Some of the earliest simulations in ecology were of forest stand dynamics (e.g. Botkin et al. 1972), but they quickly expanded into wildlife and fisheries management, movement ecology, theoretical ecology, conservation biology, metapopulation biology, and other ecological subdisciplines (e.g. Fahrig & Paloheimo 1988; Noon & McKelvey 1992; Palmer 1992; Turner et al. 1993; Zollner & Lima 1999; Tracey 2006). The advent of the field of landscape ecology (Turner 1989), coupled with increased availability of remote sensing data and computing power, fuelled the development of spatially explicit population models (Turner 1995; Table 1) and landscape disturbance models (LANDIS, He & Mladenoff 1999). Some were population-oriented, but increasingly such simulators follow individuals through their lifetimes, with daily to yearly updates, keeping track of sex, age, and events such as birth, mating, dispersal, and death (e.g. VORTEX, Lacy 1993; Miller & Lacy 2005), with transitions between life stages determined by Leslie matrices (Caswell 2000; Table 1). In more advanced simulators, individuals interact with habitat patches, other individuals, stressors, barriers, and/or other landscape elements, allowing the effect of changing landscape features on populations to be studied (e.g. Schumaker 1996; Schumaker et al. 2004). Increasingly, such models are incorporating adaptive behaviour (e.g. Railsback & Harvey 2002; Goss-Custard et al. 2006). Although many are constructed for specific purposes, some are designed as general and user-configurable tools (e.g. HexSim; Schumaker 2009). Simulations have also been used to incorporate both environmental control and spatial autocorrelation in spatially explicit predictions of community composition (e.g. Legendre et al. 2002, 2005).

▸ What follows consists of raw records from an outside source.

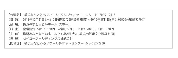 12月31日、大晦日の夜9時に開演。一流アーティストがこの日のためだけに集まり、2015年と2016年にちなんだ名曲の数々が披露されます。音楽を聴きながらカウントダウンし、演奏が終わると同時に新年を迎えるというスタイルはこのコンサートならでは。今年のチケットが発売開始となりました!
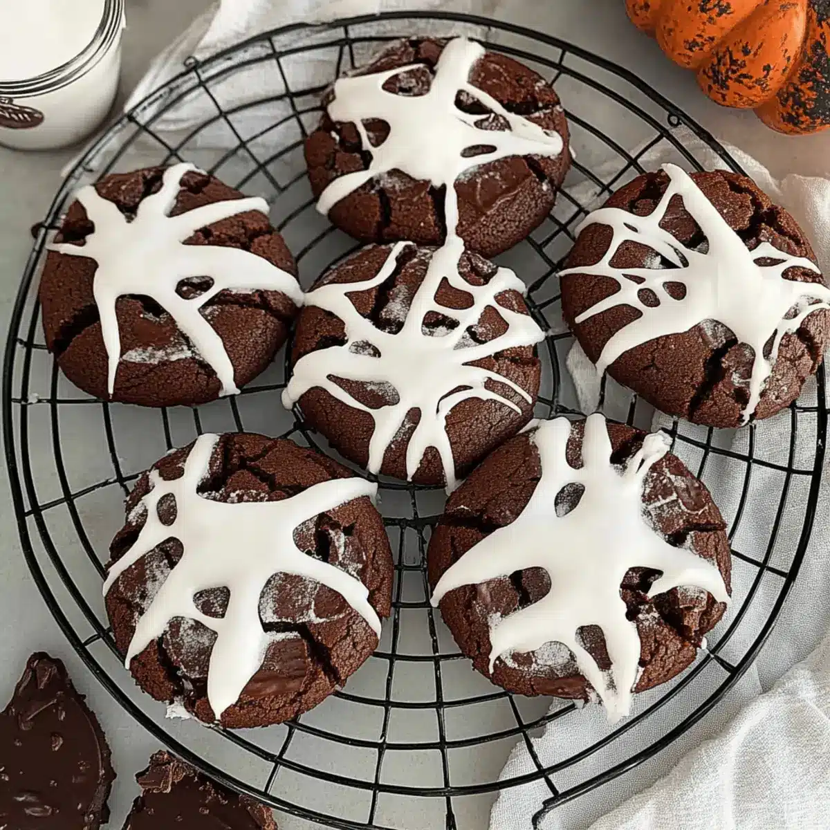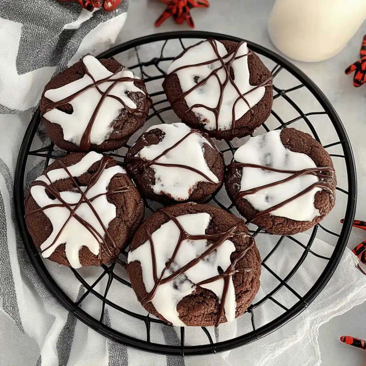 Bake the Spider Web Cookies in your preheated oven for 12 minutes, watching for them to look slightly underbaked with soft centers. Once they’re done, remove them from the oven and allow them to cool on the baking sheet for 3–5 minutes. Then, transfer the cookies to a wire rack to cool completely and maintain that delightful chewy texture.
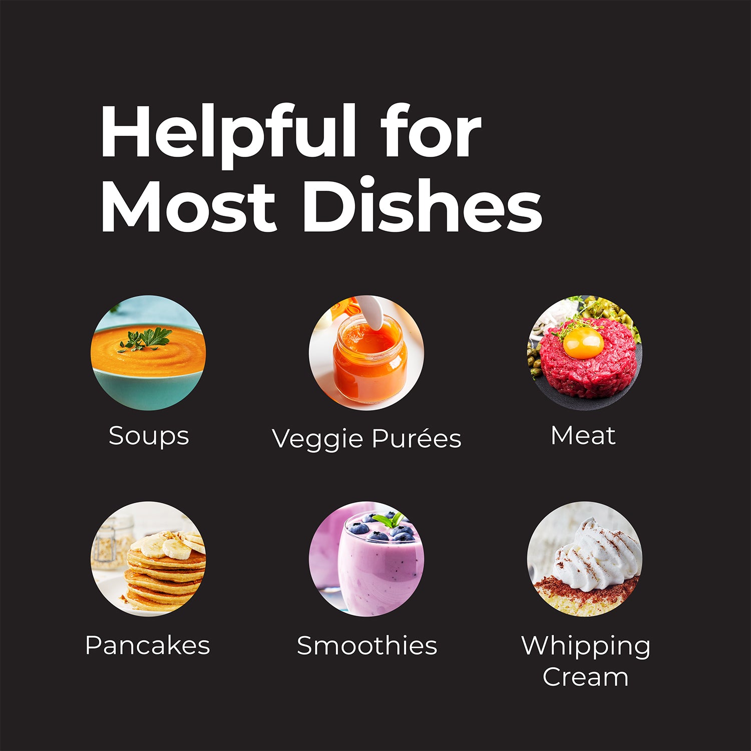Soups, Veggie Purée, Meat, Pancakes, Smoothies and Whipping Cream
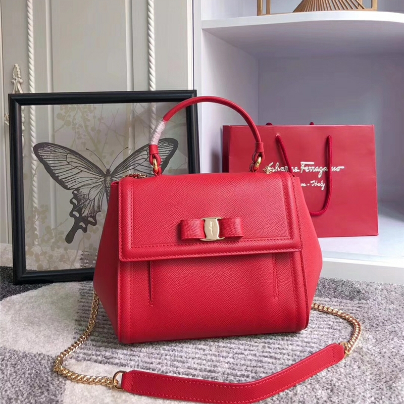 21G697 Ferragamo菲格拉慕手提袋 Vara蝴蝶結 大號 手掌紋牛皮 翻蓋包 大紅

Individual-based models (IBM) are beginning to combine stochastic ecological and genetic processes in a spatially explicit setting, as is required for landscape genetics (Table 1). By focusing explicitly on individuals, such models are freed from the Fisherian view of populations and statistics (e.g. using the normal distribution and a ‘random sample’ to estimate a population mean), and instead their results can be directly compared to spatial distributions of individual genotypes in empirical studies. For example, AMELIE (Kuparinen & Schurr 2007) is a plant population model that focuses on individual plant genotypes and incorporates flexible life histories, reproductive systems, and demography, with user-defined pollen and seed dispersal kernels. CDPop (Landguth & Cushman 2009) simulates dispersal, mating, and genetic exchange as probabilistic functions based on distance matrices rather than fixed kernels. These matrices are in turn derived from landscape ecological models, for example, least-cost path models which impose ‘costs’ imposed by movements through a ‘resistant’ landscape (Balkenhol et al. 2009; Spear et al. 2010). This provides a framework that allows comparison of multiple alternative models of landscape resistance directly with IBD and isolation by barriers into panmictic populations, enabling linkage between empirical analysis and simulation modelling. The modelling framework is specifically designed to provide a simulation framework that is directly amenable to causal modelling approaches for evaluating alternative landscape resistance hypotheses (e.g. Cushman et al. 2006).

Statistical geography

Developments in spatial statistics and stochastic space–time process theory originally designed for general variables in statistical geography (Table 1) also have implications for analysing simulations in landscape genetics. The simplest model, known as Space–Time Autoregression Moving Average (STARMA; Haining 1979), happens to subsume stepping stone models of genetic drift and migration (Epperson 1993); hence STARMA theorems and results are directly applicable to population genetics. The formal STARMA concept of a well-defined lag structure (Hooper & Hewings 1981) or spatial ‘regularity’ (Epperson 2003), the degree to which spatially determined interactions among locations are repeated and scaled up over the landscape, dictates that spatial statistical analyses are more complicated in systems with less spatial regularity. Here it should be noted that spatial statistical modelling can be applied to somewhat irregular structures, for example, by using spatial eigenfunction analysis (Borcard & Legendre 2002; Dray et al. 2006). Regularity considerations, together with the high stochasticity or noisiness of space–time population genetic processes, also dictate that spatial genetic relationships must be replicated in a spatially regular way many times or insufficient statistical power will result, although to some degree this could be offset by using large numbers of genetic markers (Anderson et al. 2010). Researchers can design, control and contrast spatial regularity in simulations and statistics, in order to improve statistical characterization of the effects of landscape features on spatial genetic structure.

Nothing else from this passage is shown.